These studies assess whether the target animal species will willingly consume the product — covering taste, texture, smell, and ease of administration. Animals are typically offered the product under controlled conditions, and uptake rates, consumption behaviour, and any signs of aversion are recorded. From a regulatory standpoint, the output is data that supports labelling claims around palatability (e.g., "readily accepted by dogs") and can inform dosing compliance assumptions in efficacy and safety submissions.

Before committing to full GLP-compliant safety studies, pilot studies are run in a small number of target animals to get an early read on whether the product is broadly safe at anticipated therapeutic and exaggerated doses. These are exploratory by nature — looking at clinical signs, bodyweight, food consumption, and sometimes basic clinical pathology. The regulatory value is not in generating definitive safety conclusions, but in de-risking the development programme, refining dose selection, and identifying any red flags before larger investments are made.

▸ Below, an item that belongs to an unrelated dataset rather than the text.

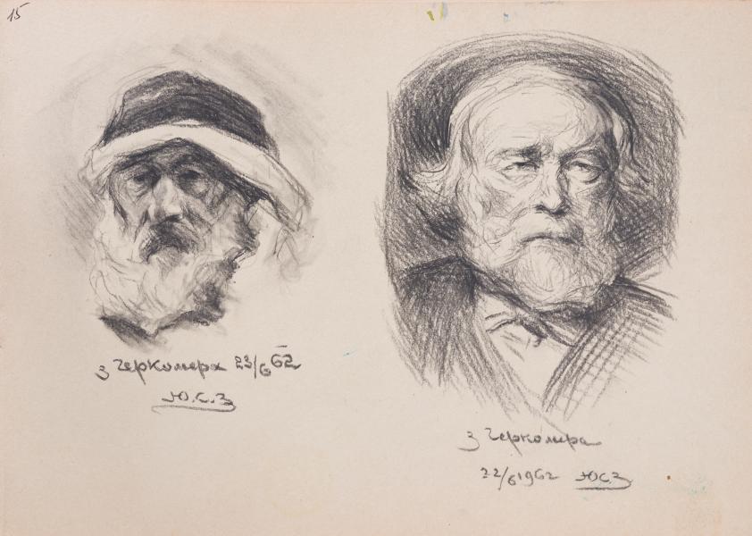 На листі бачимо копії рисунків за мотивами творів Губерта фон Геркомера, зокрема студія голови араба та оплічний портрет літнього чоловіка з сивою бородою середньої довжини. Обидві є прикладами уважної та глибокої аналітичної роботи, що виходить за межі простої навчальної вправи. Обидва зображення виконані в дусі портретного реалізму другої половини ХІХ століття, з характерною увагою до психологічної виразності й тонкої пластичної розробки обличчя. Автор копій прагне не лише технічно точно відтворити образи, а й увійти у контакт із манерою Г. Геркомера, що поєднує строгість академічного малюнка з емоційною насиченістю і глибоким гуманістичним баченням. Перша студія, голова чоловіка арабського походження, привертає увагу спокійною гідністю та силою характеру. Обличчя зображене майже у фас, з незначним поворотом, що дає можливість передати об’єм і глибину моделювання. Автор рисунка детально опрацьовує риси: темні очі, чітко окреслені брови, фактурну поверхню шкіри, обрамлення обличчя традиційним головним убором. Це зображення – не просто етнографічна замальовка, а спроба передати цілісність індивідуального образу, внутрішню зосередженість і відчуття гідності, що характерно і для самого Г. Геркомера. Другий портрет – літній чоловік з виразною сивою бородою середньої довжини, у класичному костюмі з білою сорочкою та тканим метеликом, також показаний у фас, з легкою асиметрією повороту голови. Художник акцентує на м’якій передачі об’єму, використовуючи тонкі переходи світла і тіні, що дозволяє досягти відчуття присутності. Лоб високий, очі зосереджені, погляд спокійний. Обличчя не містить надмірної експресії, а обраний ракурс і композиційне рішення дозволяють розкрити не лише зовнішність, а й певну філософію портретного образу, що було властиво Г. Геркомерові як мистцю. Губерт фон Геркомер знаковий своїми глибоко психологічними портретами, що поєднували соціальну чутливість із майстерністю академічного рисунка. Його манері притаманна пластична виваженість, скрупульозне вивчення моделі, тонке світлотіньове моделювання та увага до людської індивідуальності, незалежно від походження, професії чи соціального статусу зображуваних. Г. Геркомер часто зосереджувався на постатях, які втілювали гідність у простоті, внутрішню силу, часто тиху героїку звичайного життя. Копії, про які йдеться, очевидно є результатом не навчального інтересу, а частиною глибшого авторського дослідження. Художник, що їх виконав, прагнув не тільки повторити майстерність Геркомера, а й осмислити її в контексті власного творчого пошуку. Таке студіювання, особливо облич із різних культурних та вікових типажів, могло слугувати основою для побудови персональної іконографії у власній практиці. Таким чином ці рисунки – своєрідне «вхідне дослідження”» до майбутньої авторської системи образів, де портрет стає не стільки фіксацією зовнішності, скільки носієм досвіду, характеру та часу.

Pharmacokinetic studies characterise how the drug is absorbed, distributed, metabolised, and excreted in the target species, while dose-ranging work identifies the exposure levels needed to achieve a therapeutic effect. These studies are typically run outside of GLP as they are hypothesis-generating rather than definitive. The output feeds directly into dose selection for pivotal studies and helps build the pharmacokinetic/pharmacodynamic (PK/PD) rationale that regulators expect to see underpinning your proposed dose regimen in the dossier.

Field studies evaluate product performance under true-to-life conditions — naturally infected or affected animals, in real clinical settings, managed by practising veterinarians. Unlike controlled laboratory efficacy studies, these capture the variability of real-world use, including different breeds, ages, concurrent conditions, and owner compliance. Regulatorily, field efficacy data is often a core component of the pivotal efficacy package required for marketing authorisation, and in some frameworks can also support post-authorisation commitments or label expansions with real-world evidence.